* _GOAL OF THE EXERCISE_: Every record below, from first to last, should be copied exactly; leave the pictures out.

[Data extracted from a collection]
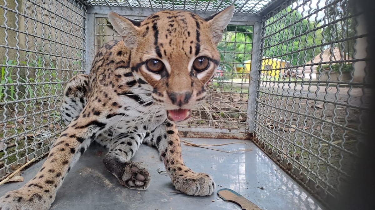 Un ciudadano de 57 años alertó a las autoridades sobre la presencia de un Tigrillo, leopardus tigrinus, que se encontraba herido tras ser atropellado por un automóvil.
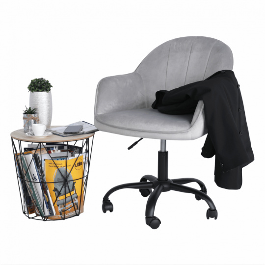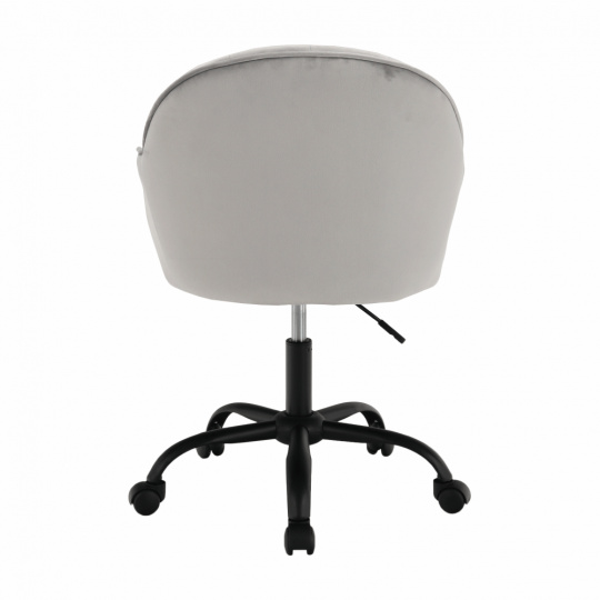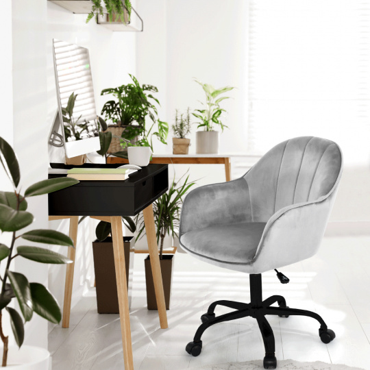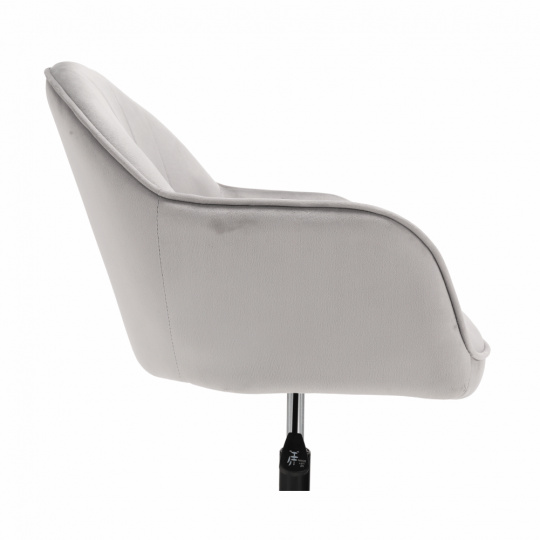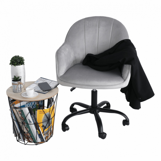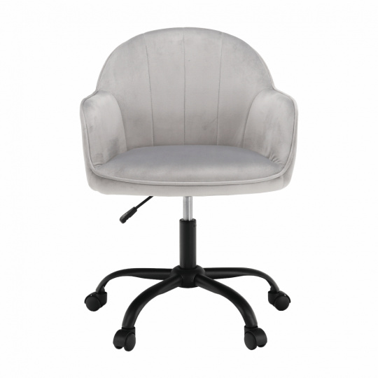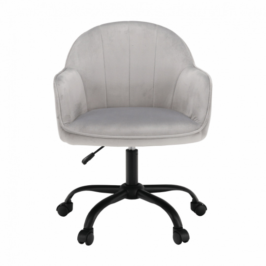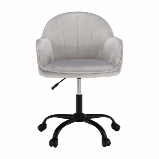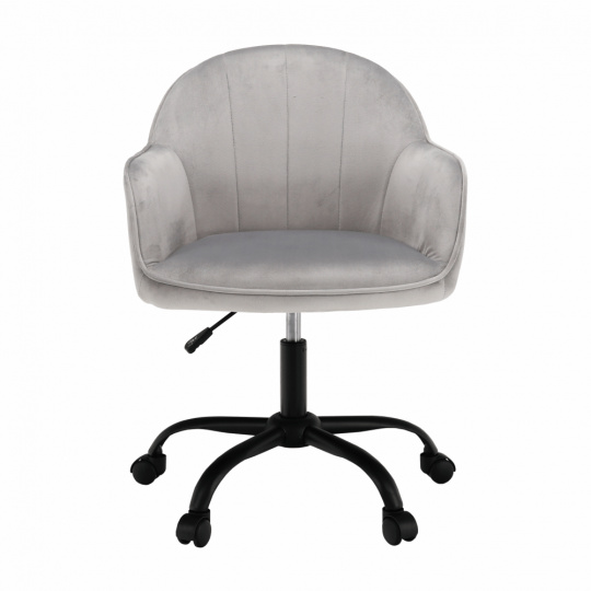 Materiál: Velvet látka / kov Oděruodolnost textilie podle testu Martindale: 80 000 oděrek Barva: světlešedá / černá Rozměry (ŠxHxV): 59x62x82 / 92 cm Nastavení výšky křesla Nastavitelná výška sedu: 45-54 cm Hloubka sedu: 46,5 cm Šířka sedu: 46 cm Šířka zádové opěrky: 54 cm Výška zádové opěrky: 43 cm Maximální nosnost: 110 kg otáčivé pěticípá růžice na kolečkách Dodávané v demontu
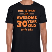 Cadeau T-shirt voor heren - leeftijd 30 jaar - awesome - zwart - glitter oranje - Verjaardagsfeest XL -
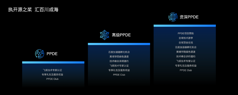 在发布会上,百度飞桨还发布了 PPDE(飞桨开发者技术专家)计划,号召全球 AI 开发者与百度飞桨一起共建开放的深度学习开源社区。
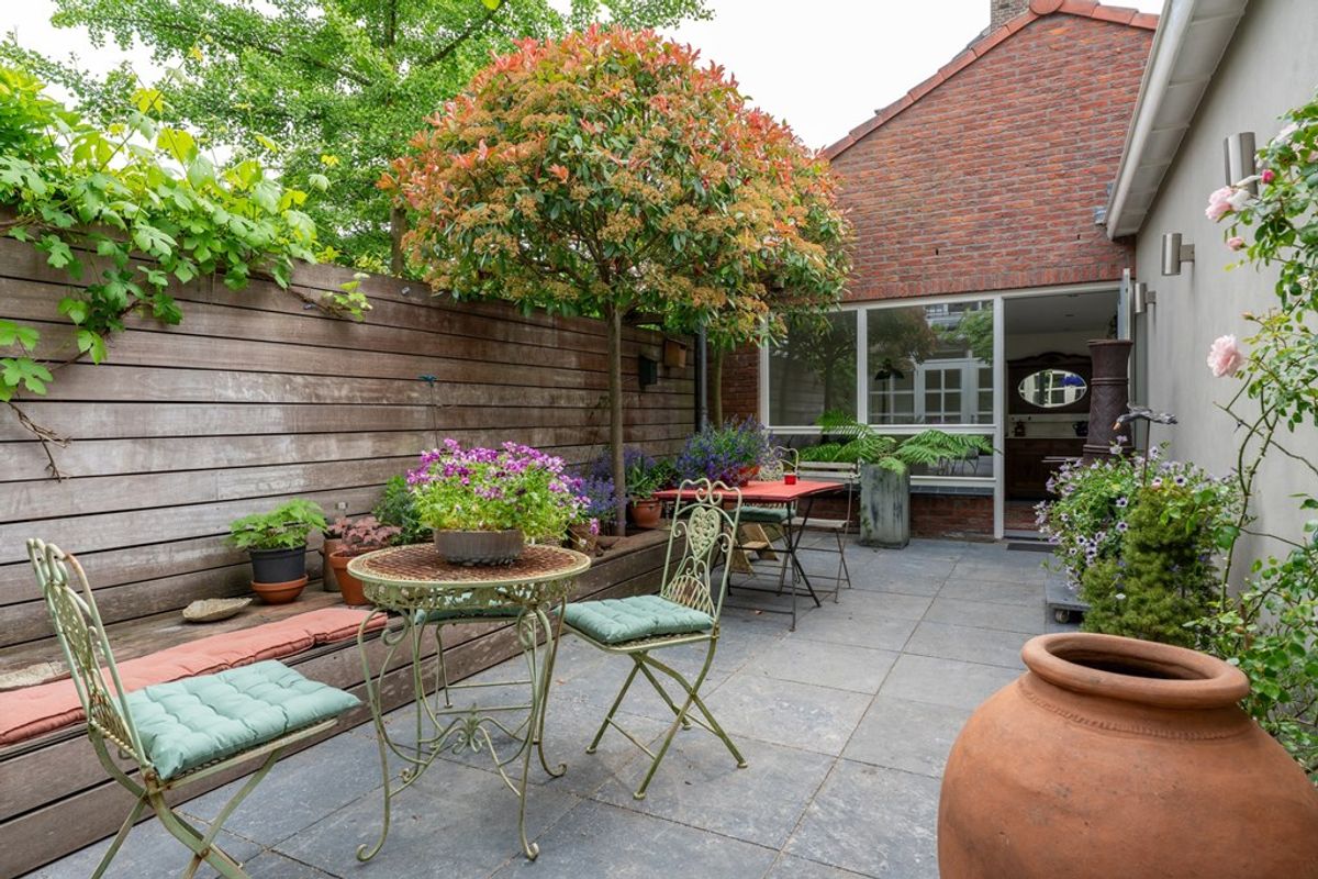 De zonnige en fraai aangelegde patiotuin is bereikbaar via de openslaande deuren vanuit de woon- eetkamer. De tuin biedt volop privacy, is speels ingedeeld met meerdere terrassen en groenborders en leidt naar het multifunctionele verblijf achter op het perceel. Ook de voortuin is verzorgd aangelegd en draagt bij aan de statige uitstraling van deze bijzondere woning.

* _EXERCISE SOLUTION_:
 Un ciudadano de 57 años alertó a las autoridades sobre la presencia de un Tigrillo, leopardus tigrinus, que se encontraba herido tras ser atropellado por un automóvil.
 Materiál: Velvet látka / kov Oděruodolnost textilie podle testu Martindale: 80 000 oděrek Barva: světlešedá / černá Rozměry (ŠxHxV): 59x62x82 / 92 cm Nastavení výšky křesla Nastavitelná výška sedu: 45-54 cm Hloubka sedu: 46,5 cm Šířka sedu: 46 cm Šířka zádové opěrky: 54 cm Výška zádové opěrky: 43 cm Maximální nosnost: 110 kg otáčivé pěticípá růžice na kolečkách Dodávané v demontu
 Cadeau T-shirt voor heren - leeftijd 30 jaar - awesome - zwart - glitter oranje - Verjaardagsfeest XL -
 在发布会上,百度飞桨还发布了 PPDE(飞桨开发者技术专家)计划,号召全球 AI 开发者与百度飞桨一起共建开放的深度学习开源社区。
 De zonnige en fraai aangelegde patiotuin is bereikbaar via de openslaande deuren vanuit de woon- eetkamer. De tuin biedt volop privacy, is speels ingedeeld met meerdere terrassen en groenborders en leidt naar het multifunctionele verblijf achter op het perceel. Ook de voortuin is verzorgd aangelegd en draagt bij aan de statige uitstraling van deze bijzondere woning.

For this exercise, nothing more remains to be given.